§ **Your instructions**
Only the lines from the one containing "- Product Packaging: Bags" through the end of the data below are to be repeated, exactly as given, without pictures.

═════ Dataset ═════

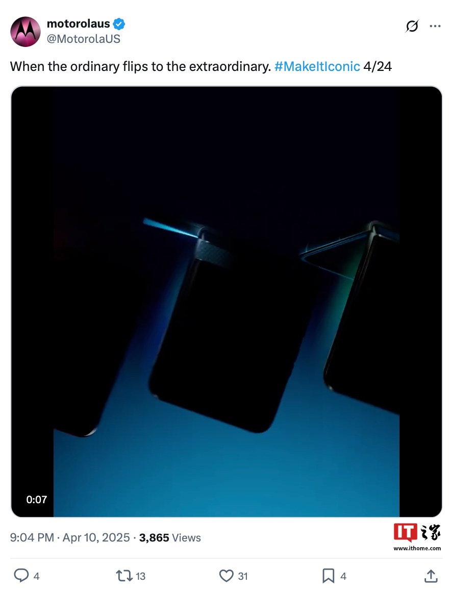 IT之家 4 月 11 日消息,联想宣布旗下摩托罗拉 moto razr 60 / Ultra 小折叠手机(海外名为摩托罗拉 razr 2025 / razr Plus 2025)将于 4 月 24 日发布。
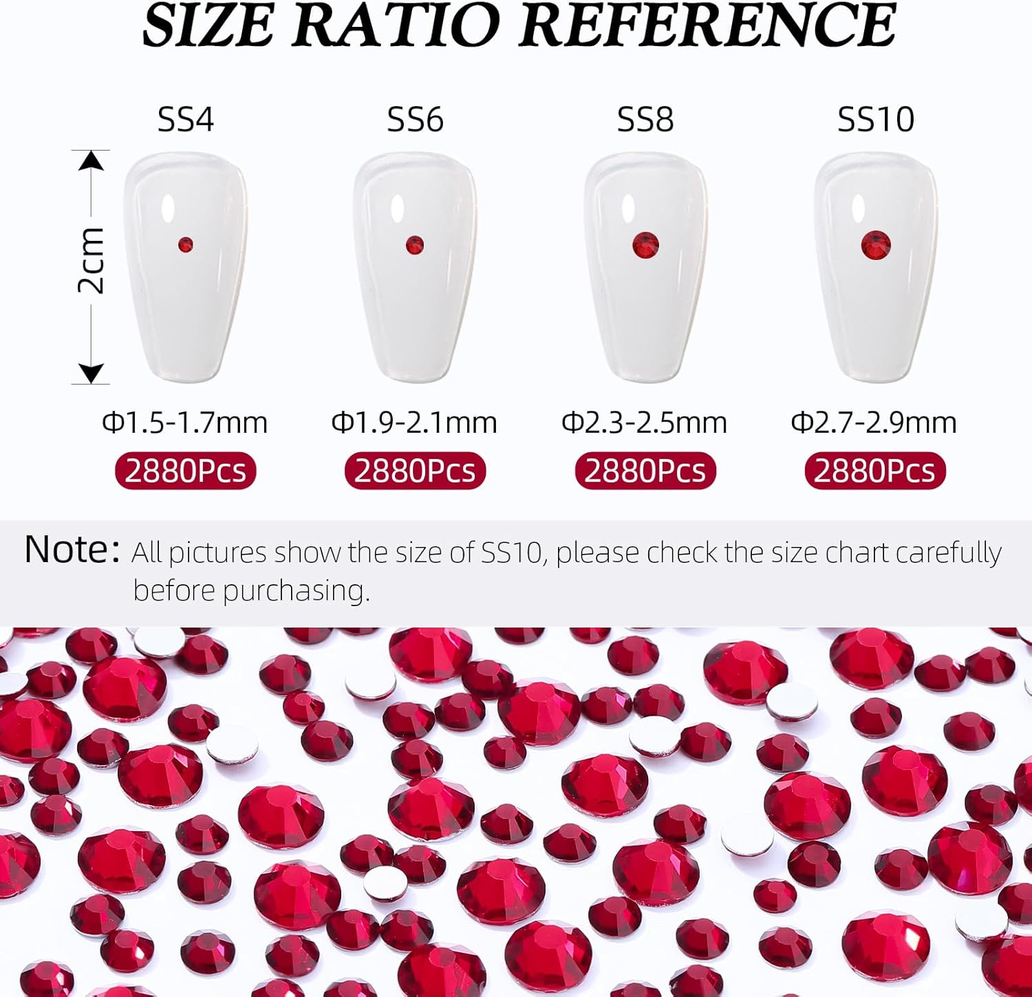 - Product Packaging: Bags packaging SS6 1.9~2.0 MM - 2880 Pcs siam flatback rhinestones.
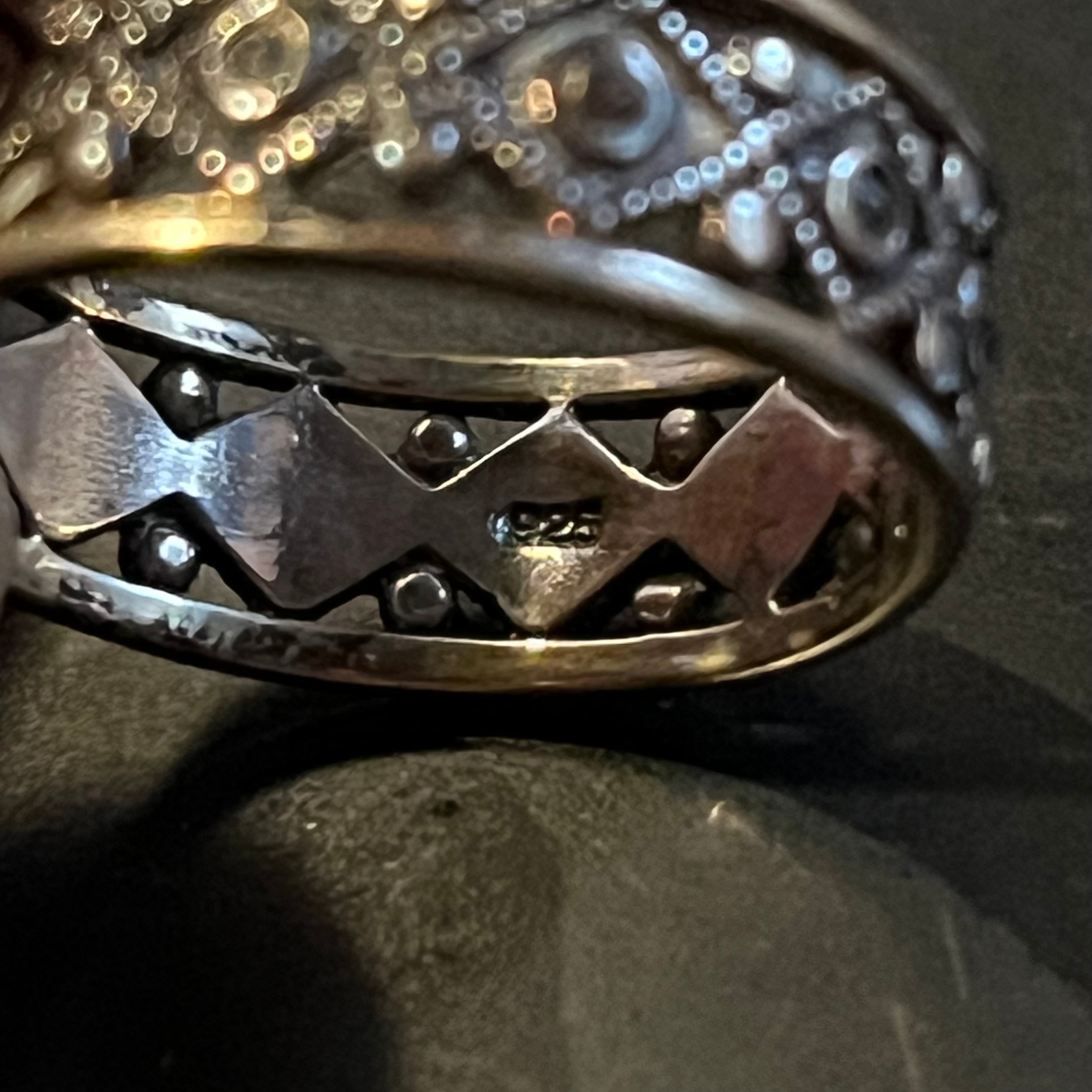海外で買い付けたトライバルグリッターデザインのシルバーリングです。
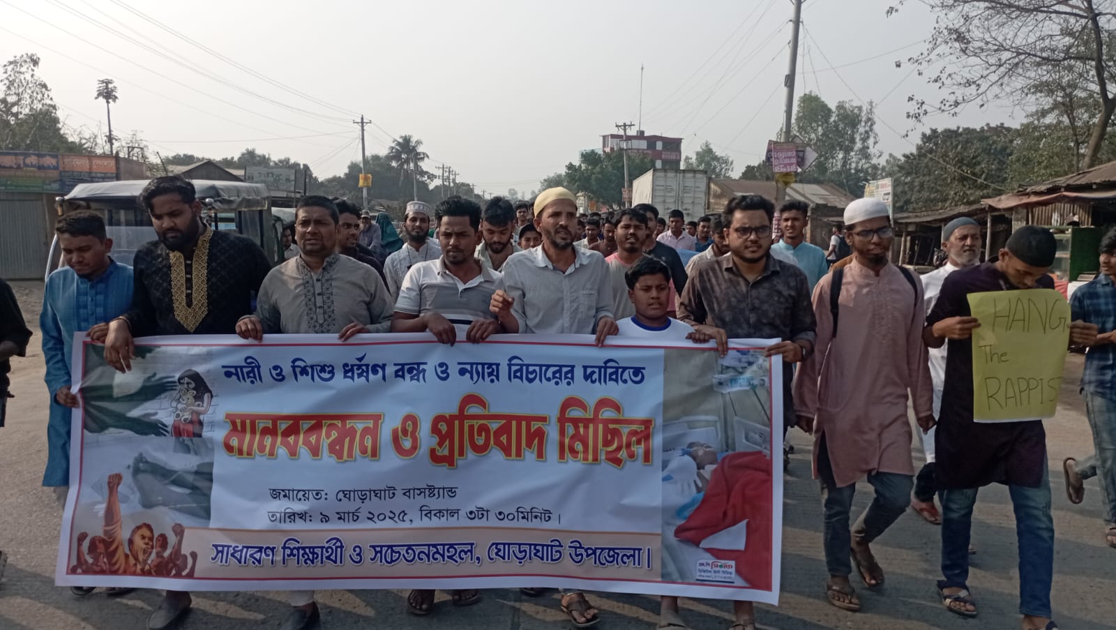দেশের বিভিন্ন স্থানে নারী-শিশুসহ সবার ন্যায় বিচার ও ধর্ষণ বন্ধের দাবিতে দিনাজপুরের ঘোড়াঘাটে বিভিন্ন শিক্ষাপ্রতিষ্ঠানের শিক্ষার্থীরা মানববন্ধন ও প্রতিবাদ মিছিল
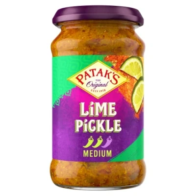 Patak's lime pickle is a medium heat, delicious blend of limes and aromatic spices a traditional Indian restaurant favorite Delicious with a naan or pappadum, and wonderful in a sandwich, salad, or with cold meats No artificial colours, flavours Suitable for vegetarians Store in a cool, dry place
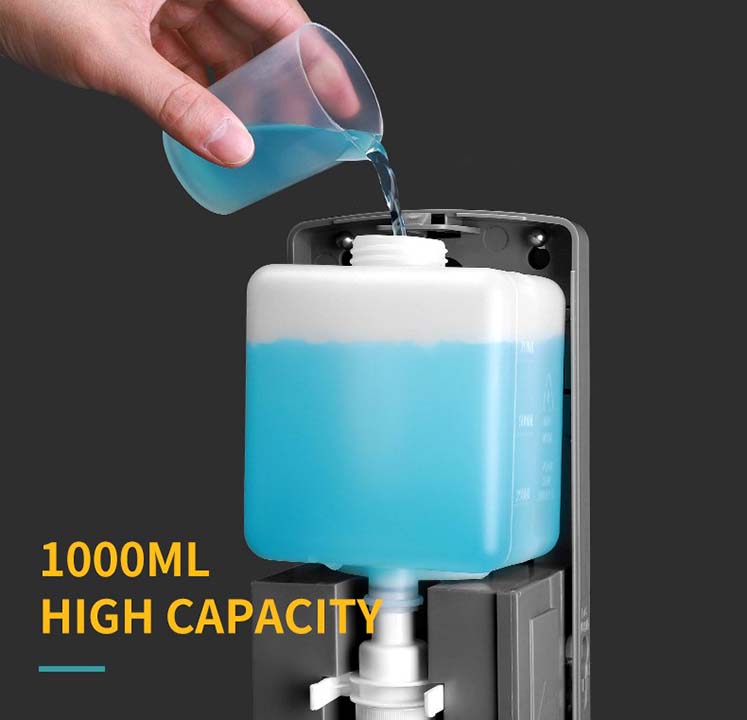 Este dispensador de jabón puede contener hasta 1 litro de jabón líquido o gel hidroalchólico en su botella recargable, lo que permite un uso prolongado. Está equipado con una válvula anti goteo para evitar el desperdicio de consumibles y permite una salida seleccionable de  0.8-1ml / por dosis.
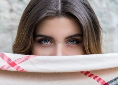 美妆时尚素材设计一位知性性感的国外美女划着淡淡的眼妆用围巾遮住半边面庞
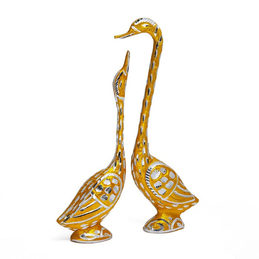 Pair of Kissing Duck, Swan Showpiece Love Couple Bird Statues Set | White Metal Swan Love Birds Pair Feng Shui Idol Couple Wedding Gift & Home Decor

═════

§ **Answer to the exercise**
 - Product Packaging: Bags packaging SS6 1.9~2.0 MM - 2880 Pcs siam flatback rhinestones.
海外で買い付けたトライバルグリッターデザインのシルバーリングです。
দেশের বিভিন্ন স্থানে নারী-শিশুসহ সবার ন্যায় বিচার ও ধর্ষণ বন্ধের দাবিতে দিনাজপুরের ঘোড়াঘাটে বিভিন্ন শিক্ষাপ্রতিষ্ঠানের শিক্ষার্থীরা মানববন্ধন ও প্রতিবাদ মিছিল
 Patak's lime pickle is a medium heat, delicious blend of limes and aromatic spices a traditional Indian restaurant favorite Delicious with a naan or pappadum, and wonderful in a sandwich, salad, or with cold meats No artificial colours, flavours Suitable for vegetarians Store in a cool, dry place
 Este dispensador de jabón puede contener hasta 1 litro de jabón líquido o gel hidroalchólico en su botella recargable, lo que permite un uso prolongado. Está equipado con una válvula anti goteo para evitar el desperdicio de consumibles y permite una salida seleccionable de  0.8-1ml / por dosis.
 美妆时尚素材设计一位知性性感的国外美女划着淡淡的眼妆用围巾遮住半边面庞
 Pair of Kissing Duck, Swan Showpiece Love Couple Bird Statues Set | White Metal Swan Love Birds Pair Feng Shui Idol Couple Wedding Gift & Home Decor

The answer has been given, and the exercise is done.